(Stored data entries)
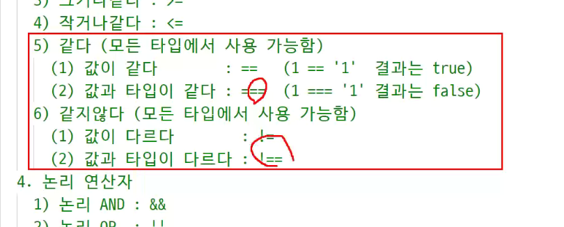 -> 자바처럼 쓸거면 !== 쓰기!
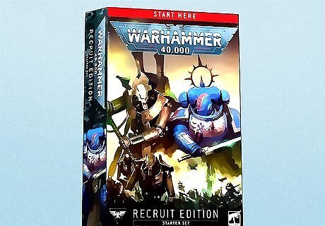 Buy the Warhammer 40,000 Recruit Edition to start fast. The Recruit Edition includes everything you need for a basic two-player game of Warhammer 40k. It’s also updated for the 9th Edition ruleset, which is what Warhammer currently uses. It contains two factions (Space Marines and Necrons), paints, dice, a ruler, a playmat, and all the miniatures you need to play. If you purchase a set like this, go to the next section. If you would rather play a different faction (and have a larger budget to spend), continue to the next step. Don't buy any products with an outdated edition listed on them. Older editions may be cheaper, but you may not be allowed to take the pieces to a tournament if you plan on playing with other 40K players. You can use miniatures from older editions, but the ruleset that comes with these box sets will be wrong if you buy 8th, 7th, 6th, etc. box sets. The game is currently in the 9th edition, but the 10th edition comes out in the summer of 2023, so buy the updated Recruit Edition whenever it drops (which will probably be shortly after the new ruleset comes out).
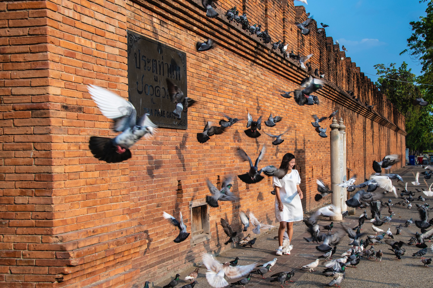 As I walked westward, the clouds seemed to follow me, intensifying the chill and my nervousness in tandem. Arriving at Tha Phae Gate, however, the same good fortune that had followed me onto the grounds of Wat Phra Singh showed itself again: Sun rays pierced the clouds precisely at the moment the gate’s famous pigeons exploded away from the ground.
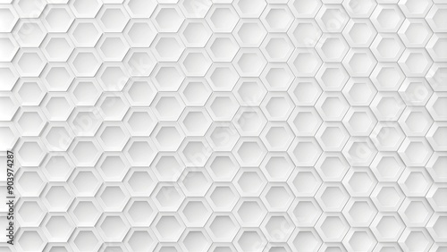 Minimalist white cellular pattern background featuring repeating shiny hexagonal tiles with subtle gradient effect, creating a modern, sleek, and futuristic visual atmosphere.
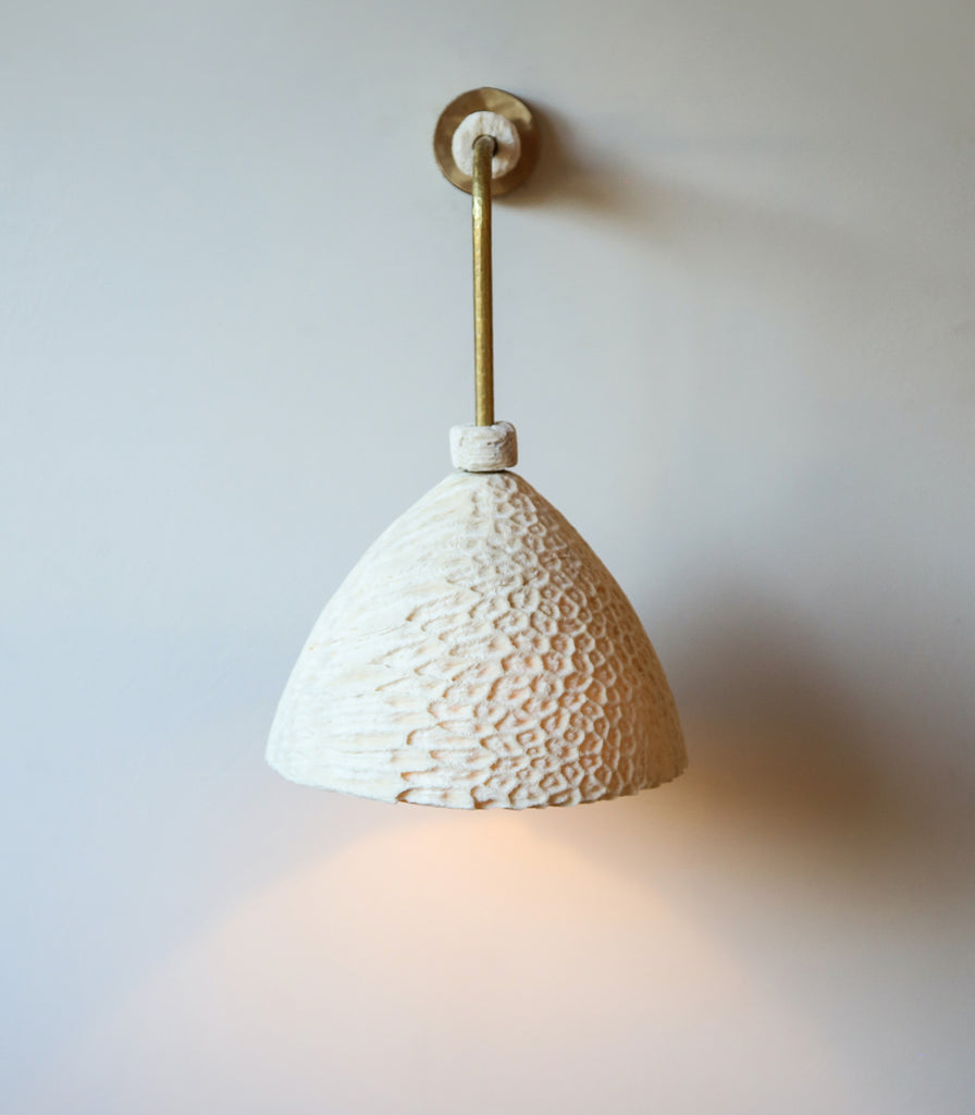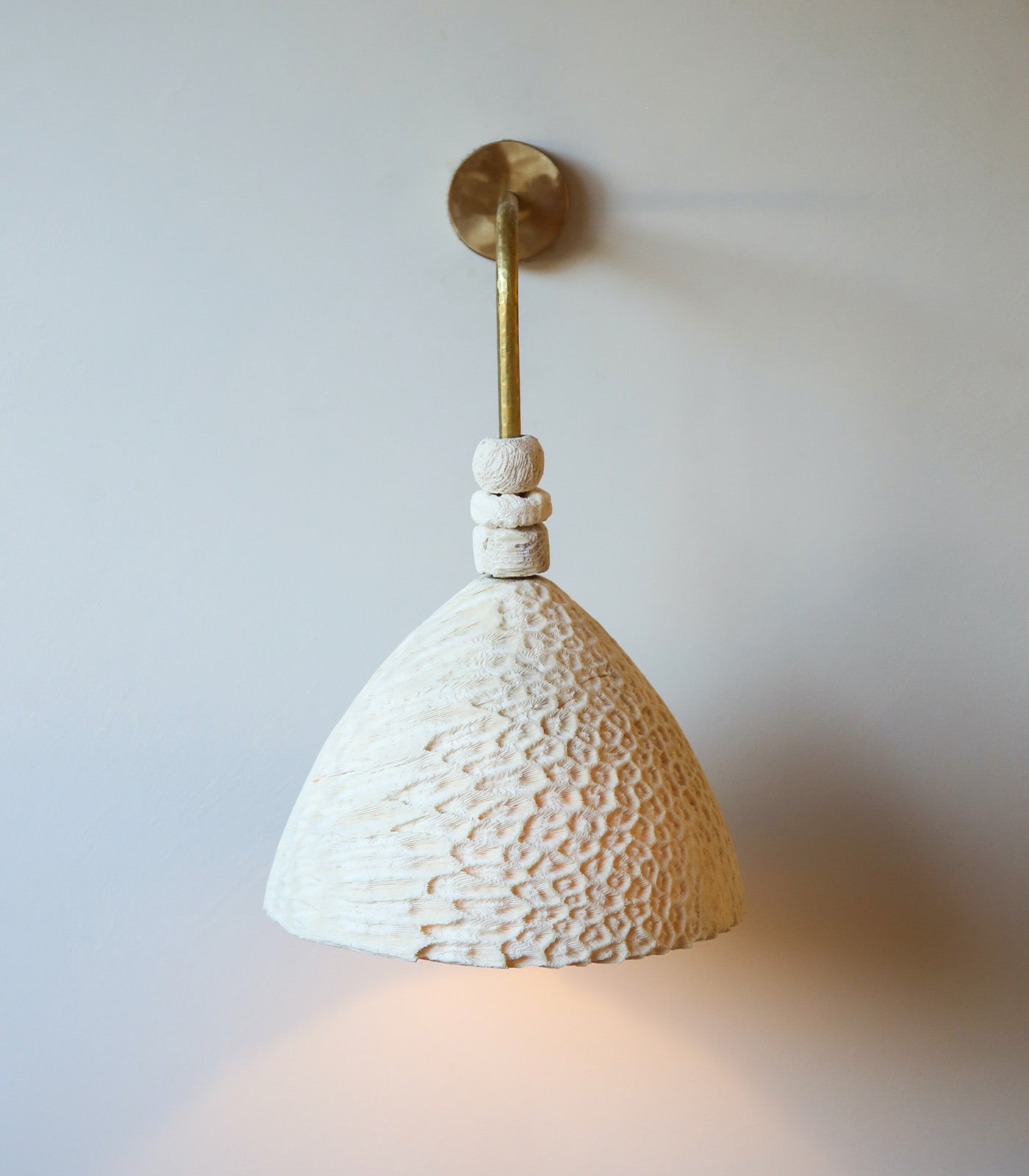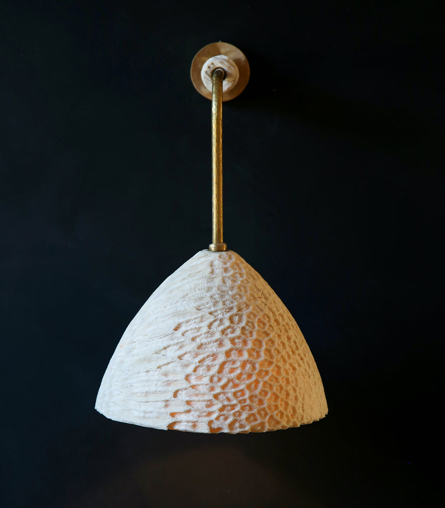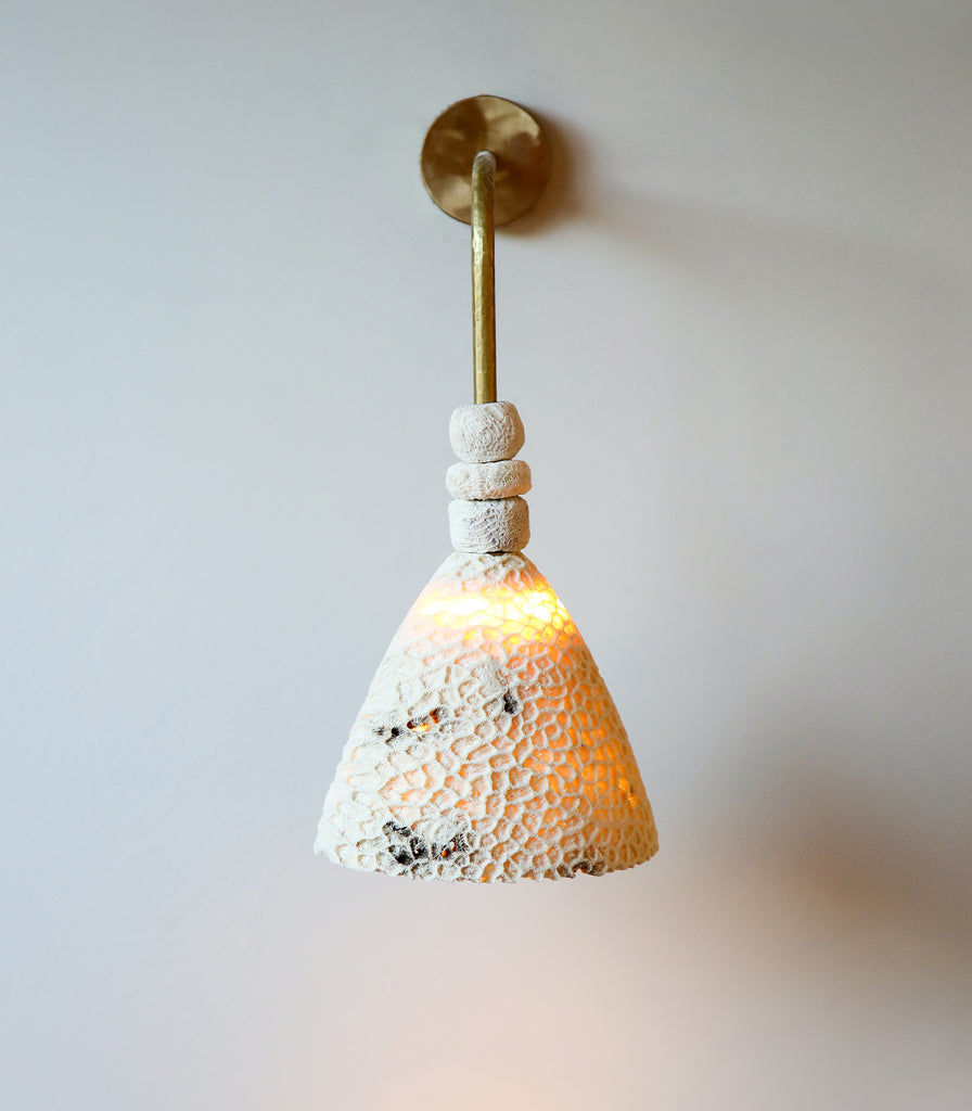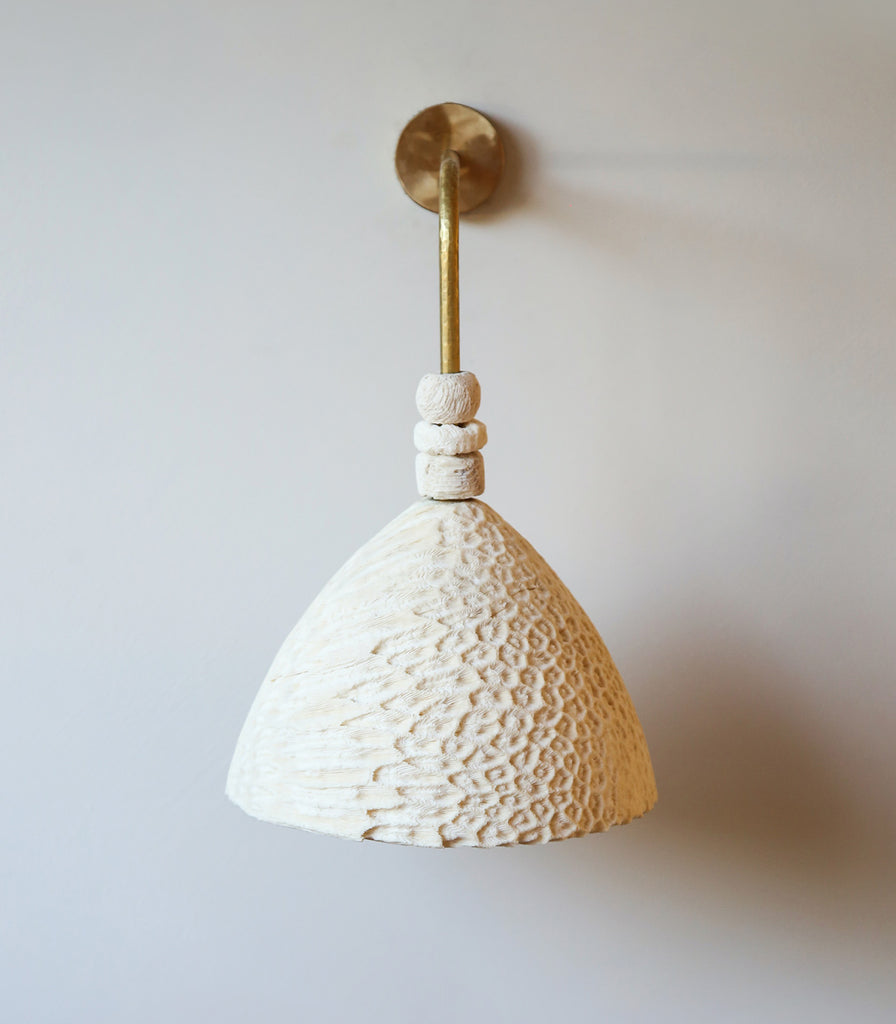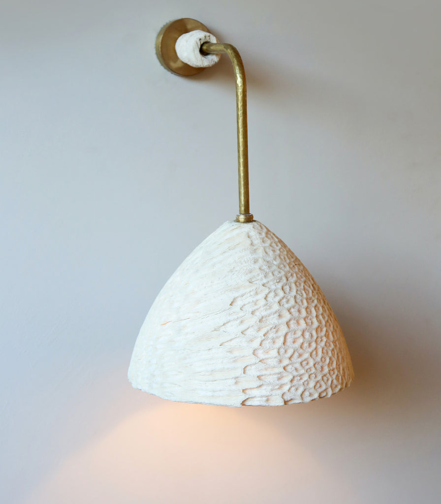 The Fossil Coral Cone Arc Wall Light by Marovo Island Traders is a hand-crafted artisan wall light, sculpted from authentic fossilised coral to showcase nature’s enduring textures. Its conical coral shade is suspended from a brass arc with coral detailing, casting a warm, ambient glow that enriches both modern and coastal-inspired interiors. With sustainable craftsmanship at its heart, this eco-friendly wall light merges natural artistry with timeless design, making it an elegant feature for luxury homes, boutique spaces, and architectural projects.
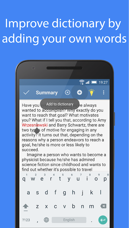Offline spell checker notepad for Android. Check and improve your spelling with Spell Checker.
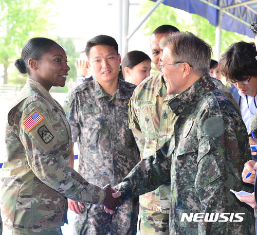 韩国总统文在寅与驻韩美军士兵握手(纽西斯通讯社)

### Instructions to follow
The reply needs to repeat exactly the line containing "Offline spell checker" and each line after it, through the final line of the entries above, and to skip the pictures.

### Written response
Offline spell checker notepad for Android. Check and improve your spelling with Spell Checker.
 韩国总统文在寅与驻韩美军士兵握手(纽西斯通讯社)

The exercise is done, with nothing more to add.